Understanding the mass percent composition is crucial when studying the elemental makeup of a compound. In essence, it is a measure of the relative masses of individual elements compared to the total mass of the compound. To calculate the mass percent of an element, you take the mass of the element in the sample and divide it by the total mass of the sample, then multiply the result by 100 to get a percentage.

For example, if we have 1.00 g of a compound and find that it contains 0.791 g of carbon, the mass percent of carbon would be calculated using the formula: \[ \text{Mass Percent of Carbon} = \left( \frac{0.791 \, \text{g}}{1.00 \, \text{g}} \right) \times 100 = 79.1\% \].

This method is not only applicable to carbon but to other elements as well. In the context of our exercise, after conducting a combustion analysis, the mass percent composition is determined to find out how much carbon, hydrogen, and oxygen are present in testosterone. It provides valuable insights into the compound's empirical formula, which is fundamental in many fields of chemistry.

Molar Mass

Molar mass is another fundamental concept in chemistry, and it plays a vital role in completing our understanding of mass percent composition and stoichiometry. The molar mass can be considered the bridge between the mass of a substance and the number of moles contained in that mass. It is expressed as grams per mole (g/mol) and can be found by summing up the atomic masses of elements present in a molecule according to the periodic table.

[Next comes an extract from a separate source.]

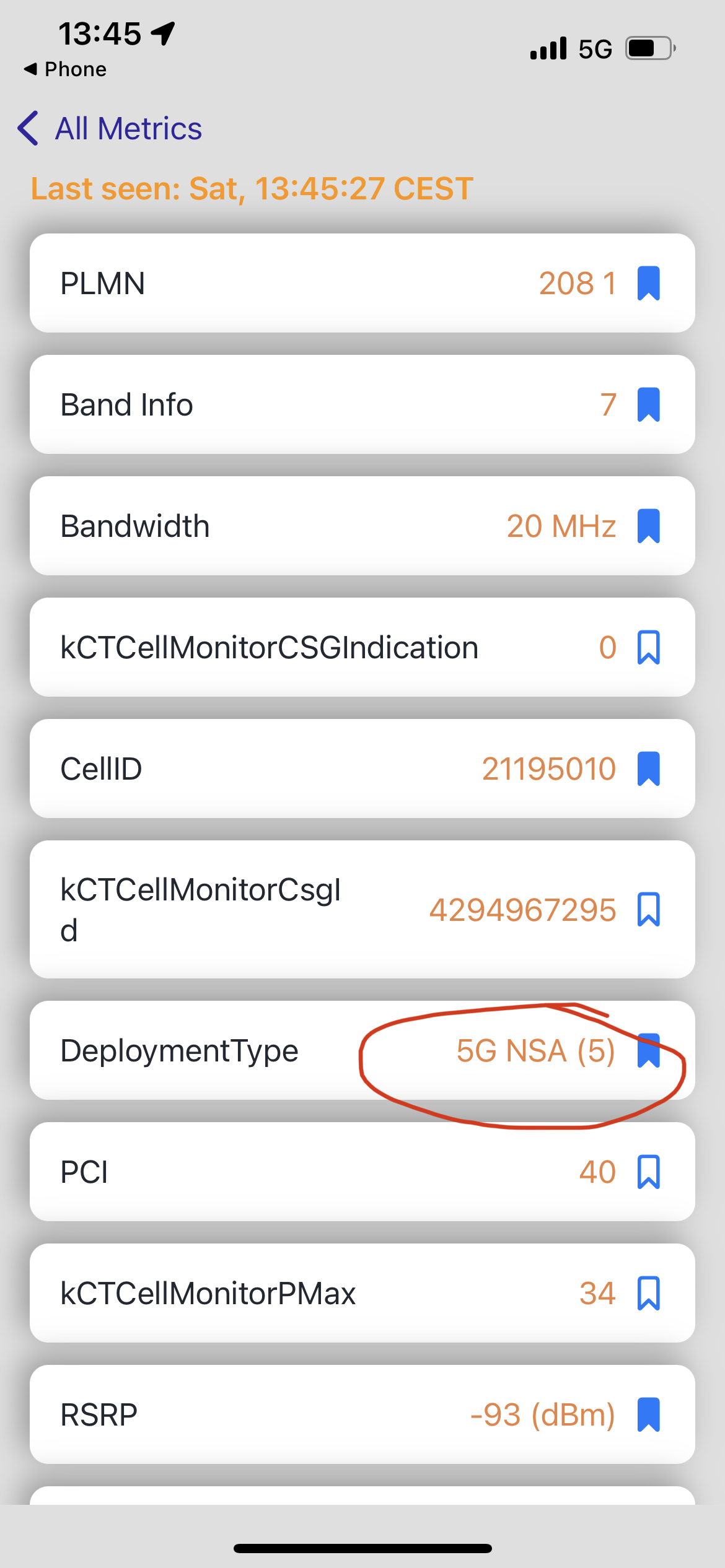 Terug in Frankrijk. We weten dat MV 5G nog niet ondersteund (binnenkort wel, maar wanneer is niet gekend), maar als ik de details van het netwerk bekijk is het alsof ik op een 5G zit maar dan met 4G functionaliteiten… of hoe kan ik het interpreteren? NSA staat voor non stand alone: 5G NSA is a solution for 5G networks where the network is supported by the existing 4G infrastructure.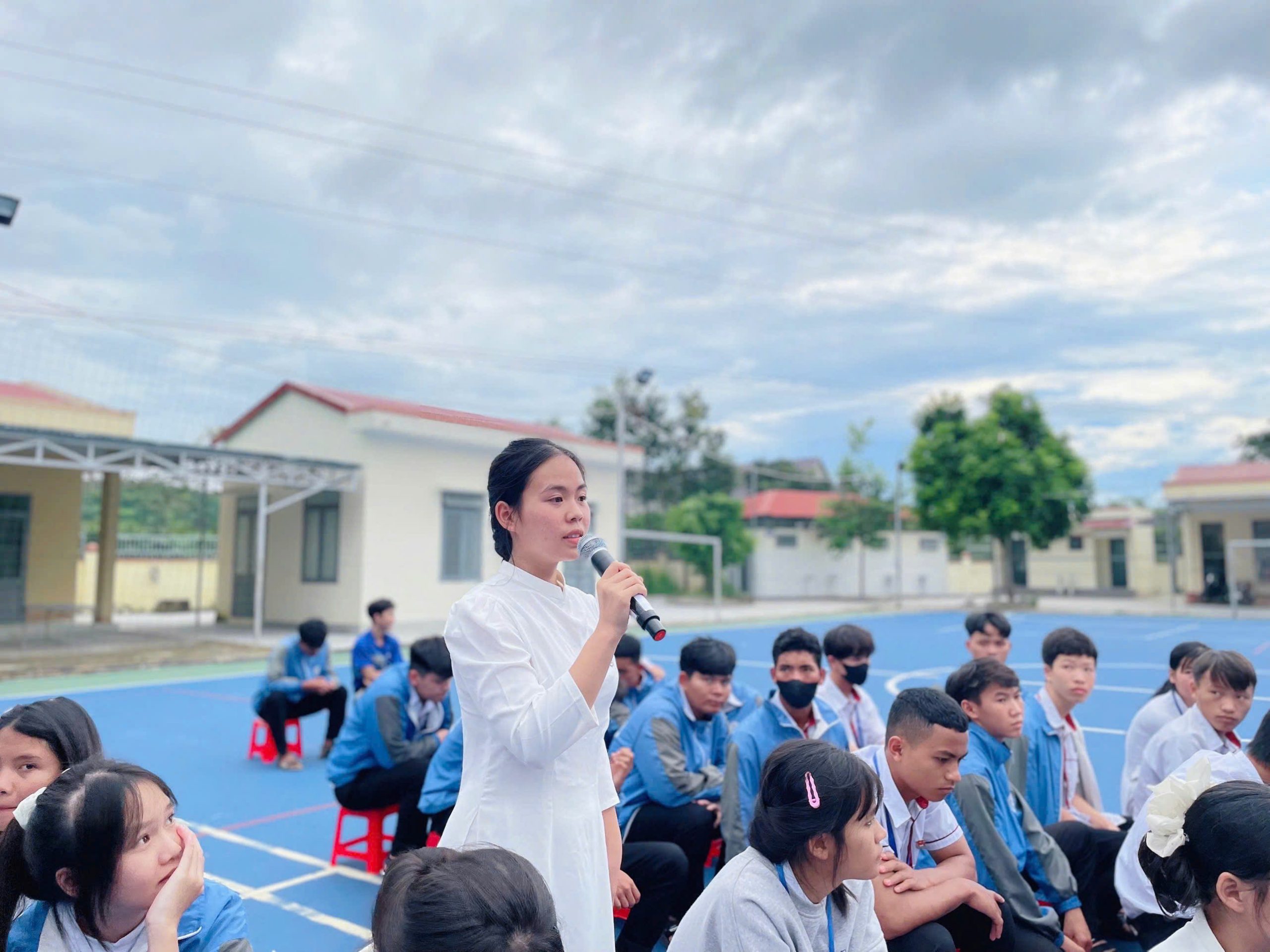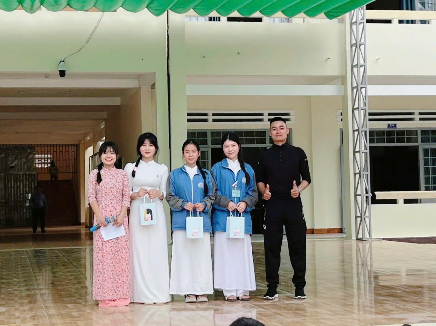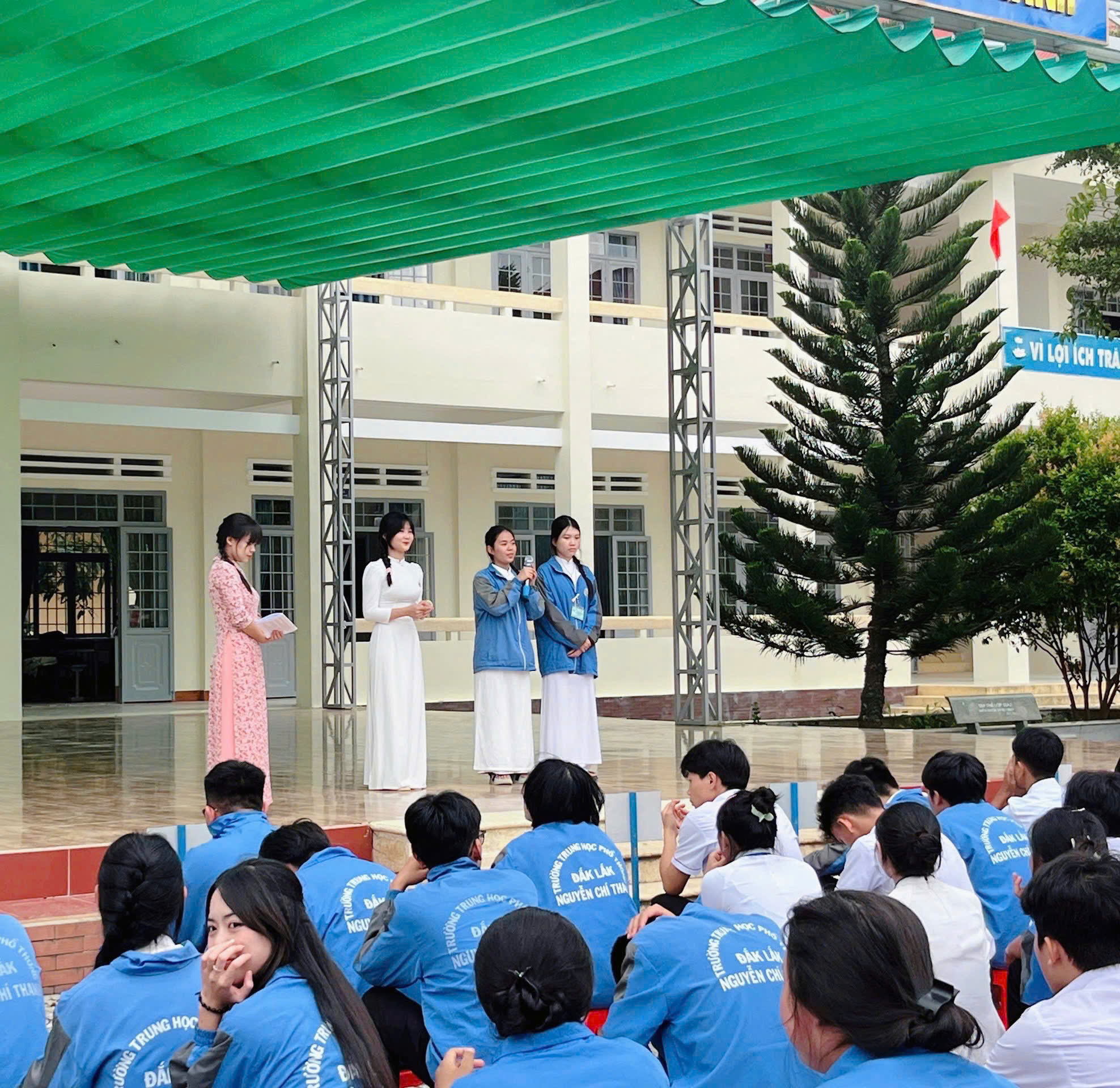Các em học sinh đã được giao lưu, trò chuyện cùng một số tấm gương đoàn viên tiêu biểu – người không chỉ học giỏi, năng động mà còn rất tích cực tham gia các hoạt động văn hóa, văn nghệ của nhà trường, những đoàn viên trẻ nhiệt tình, gương mẫu và đầy trách nhiệm: Đoàn Ngọc Ánh Tuyết – Lớp trưởng lớp 12A1 (Tổ phó tổ văn nghệ xung kích của nhà trường); Nguyễn Thị Thủy Tiên – BT lớp 12A2 (Tổ phó tổ truyền thông, phát thanh của nhà trường); Lý Thị Tiên – Ủy viên BCH Đoàn trường, nhiệm kỳ 2024 – 2025.

Look at how the concept is applied in the exercise: The molar mass of \( \text{CO}_2 \) is calculated by adding the atomic masses of one carbon atom (12.01 g/mol) and two oxygen atoms (16.00 g/mol each), resulting in \( 12.01 \, \text{g(C)} + 2 \times 16.00 \, \text{g(O)} = 44.01 \, \text{g/mol} \). This allows us to convert the mass of carbon dioxide into moles of carbon, a step necessary for later calculations in the exercise.

Stoichiometry

Stoichiometry is the section of chemistry that deals with the quantitative relationships between reactants and products in a chemical reaction. In the context of our combustion analysis problem, stoichiometry involves using balanced chemical equations and molar relationships to draw conclusions about the composition of the original substance.

In the given exercise, stoichiometry allows us to understand how the masses of products formed from the combustion (carbon dioxide and water) relate to the amounts of carbon and hydrogen in the original testosterone molecule. Calculations based on stoichiometric coefficients from a balanced combustion equation facilitate the conversion of mass to moles, and then back to mass - as we initially calculate moles of carbon and hydrogen from the masses of \( \text{CO}_2 \) and \( \text{H}_2\text{O} \) produced, and ultimately determine the mass of these elements present in the original compound. This step-by-step approach is central in stoichiometry, as it reveals the composition of testosterone.